Any shoe that fits.


There’s a new post up at Evangelical Realism covering more of Chapter 8 of On Guard by William Lane Craig. Last week, we saw Craig use his 6 criteria of authentic history to try claim that Jesus really did call himself Messiah. As evidence, Craig cited a number of passages in which Jesus did not, in fact, call himself Messiah. Craig cites stories about other people calling Jesus Messiah, and about Jesus allegedly working miracles allegedly associated with Messiah, but having announced that he was going to show that Jesus claimed to be Messiah, he “met” his burden of proof by providing merely what he calls “good evidence that Jesus did…think he was the Messiah.”

That pretty much sums up Craig’s approach to “authentic” history. He “proves” that Jesus claimed to be Messiah by making guesses about what Jesus might have been thinking. Not surprisingly, his guess is that Jesus must have been thinking exactly what modern-day Christians wish he were thinking. And in Craig’s book, that means it’s a historic fact that Jesus claimed to be Messiah. (You see now why I was a tad skeptical when he introduced the criterion about a claim being coherent with “facts” already established about Jesus.)

In today’s installment, Craig takes his mindreading act a step further: he’s going to tell us what Jesus meant by the the things he (Jesus) might have been thinking.

Read more at Evangelical Realism.

Comments

  1. Owlmirror says

    There’s a book, Judaisms and their Messiahs at the Turn of the Christian Era, ed.: Jacob Neusner, which may be pertinent.
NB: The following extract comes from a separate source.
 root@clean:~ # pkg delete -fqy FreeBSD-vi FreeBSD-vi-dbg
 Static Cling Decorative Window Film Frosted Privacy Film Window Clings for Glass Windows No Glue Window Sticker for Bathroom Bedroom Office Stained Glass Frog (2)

    The various scholars who contribute to the book examine disparate texts by Jews and early Christians, both canonical and apocryphal, in the period before and after the start of the common era, just to highlight that there was no consensus at all about what messianic or eschatological figures were conceived of, what role they were to have, or whether they should even be called “Messiah”, as opposed to some other title.
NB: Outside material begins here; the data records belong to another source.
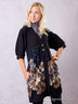 Удлиненный жакет полуприлегающего силуэта. Нижняя часть изделия выполнена из купонного полотна. Жакет застегивается на две декоративные пуговицы. Изделие дополнено карманами.
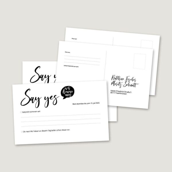 Direkt nach dem Bestelleingang erhaltet ihr eure Antwortkarten-Vorlage zum Downloaden in verschiedenen Formaten in hochwertiger Druckauflösung als PDF, JPG und PNG.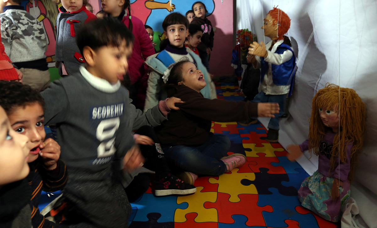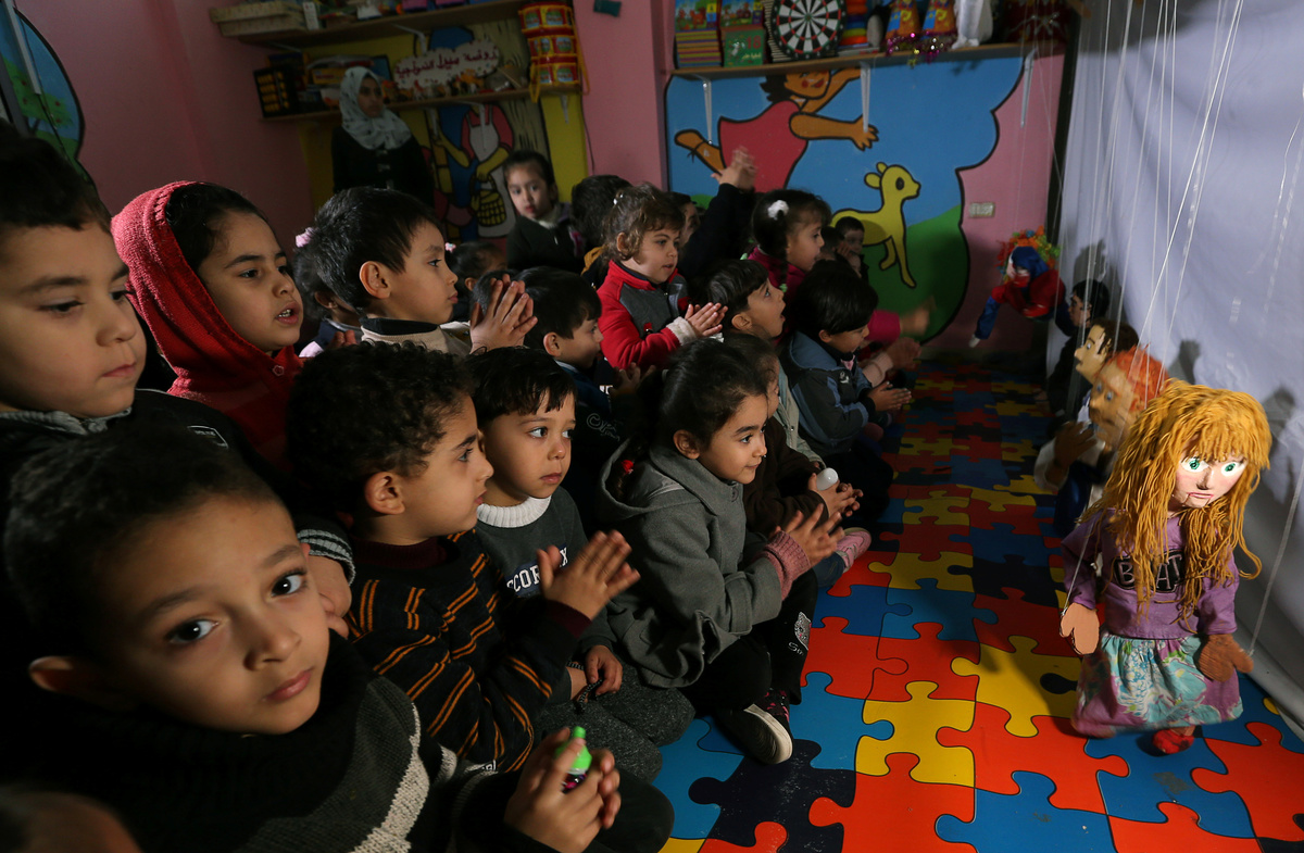 Children play with marionette puppets made by Palestinian artist Mahdi Karera, during a show at a kindergarten in Gaza City January 29, 2019. REUTERS/Ibraheem Abu Mustafa

    Christians often take it for granted that a prophecy of a single Messiah was known among all Jews of that time, which was supposedly fulfilled by Jesus. But their tacit assumption is repeatedly belied by the textual evidence.

    And the Gospels themselves actually support the point that there was a wide variety of texts and eschatological concepts around at the time. Jesus is often cagey about who he is, or what he should be called, as you note from the citations from Matthew and Luke. It seems likely that the Gospel writers wanted to imply that Jesus was the one single eschatological figure, to be called by all of the titles used for eschatological figures in the texts that might be familiar to those in their audience, but the sheer confusion of figures and roles resulted in Jesus’ claims reflecting that very confusion.

    • Stacy says

      Thanks, Owlmirror. At the Los Angeles (the second largest city in the U.S.!) Public Library, that book is available only as a reference copy.

      Gonna call them and request it.

  2. Azuma Hazuki says

    Owlmirror kinda beat me to it, but to add to that, Carrier has done some very good work on this subject, specifically addressing the Book of Daniel and some of the pesher pieces at the Dead Sea Scrolls.

    Craig is technically correct, at least partly, but is lying by omission; what Jesus said and did isn’t particularly rare. “Messiah fever” was rampant, and careful reading of Josephus and Luke-Acts side by side reveals some interesting if deliberately downplayed insights into this fact of history 🙂

    I wish someone with a good grip on history would take this jerkoff on in debate…and force him to promise, on live recording, not to use any arguments disproved ever again.